**What to do**
Pictures are to be skipped. Retype exactly the lines from the top of the material through the one with "您将在此处看到完整的通知列表", and only those.

Data below below:

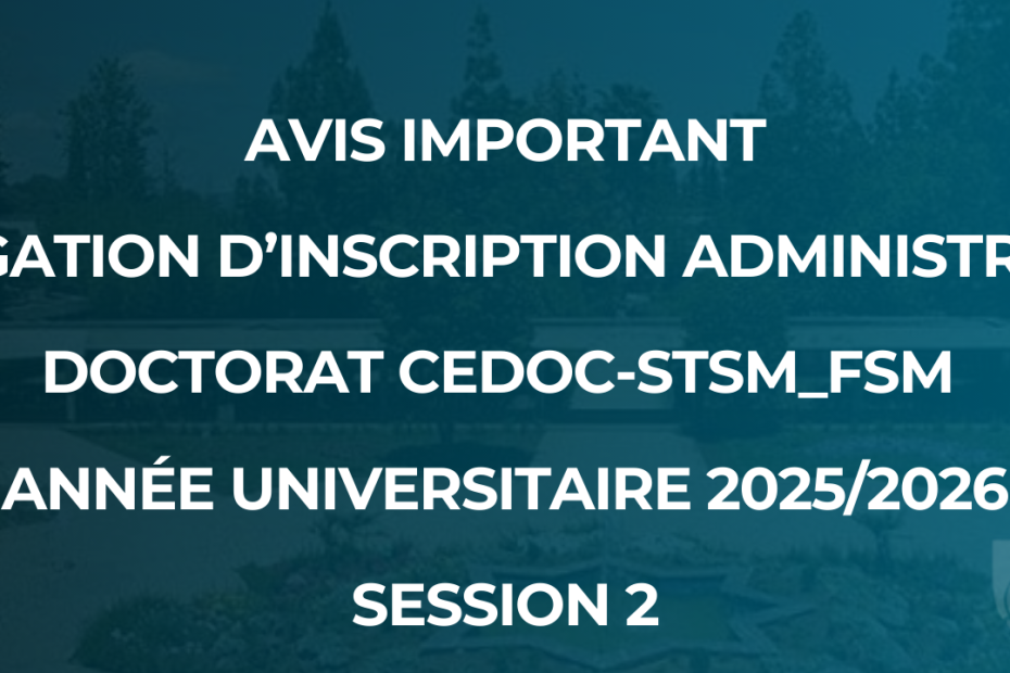 AVIS IMPORTANT – Inscription Administrative au Doctorat : CEDoc-STSM_FSM Année Universitaire 2025/2026-Session 226 décembre 202526 décembre 2025Actualité, Doctorat
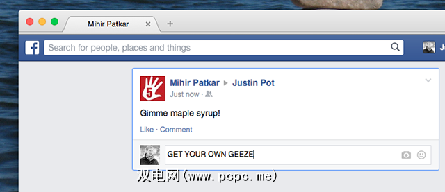 您将在此处看到完整的通知列表,与它们在Facebook中的显示完全相同。这很有用,因为Facebook的OS X集成不包括某些通知(最明显的是页面通知)。
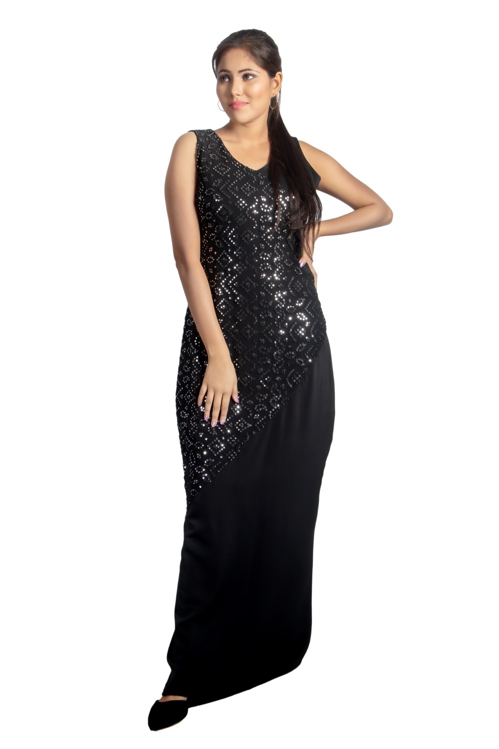 Make your style statement high & clear with black on black A-line style gown with V-neckline.
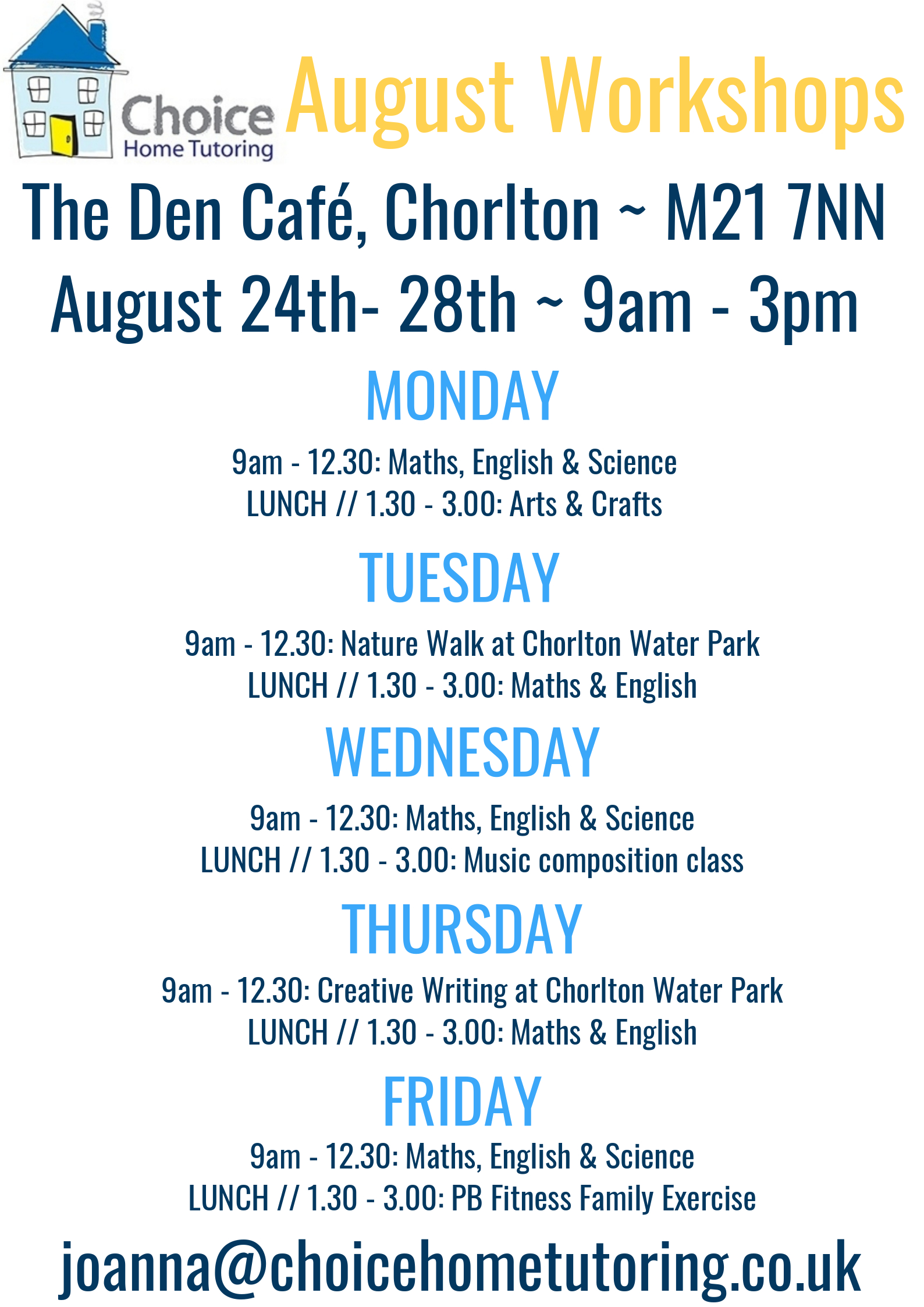 The cost of each day is £90 or £425 for the whole week. For more information or to book on to the course please get in touch at joanna@choicehometutoring.co.uk

End of Data below.

**Solution to this problem**
 AVIS IMPORTANT – Inscription Administrative au Doctorat : CEDoc-STSM_FSM Année Universitaire 2025/2026-Session 226 décembre 202526 décembre 2025Actualité, Doctorat
 您将在此处看到完整的通知列表,与它们在Facebook中的显示完全相同。这很有用,因为Facebook的OS X集成不包括某些通知(最明显的是页面通知)。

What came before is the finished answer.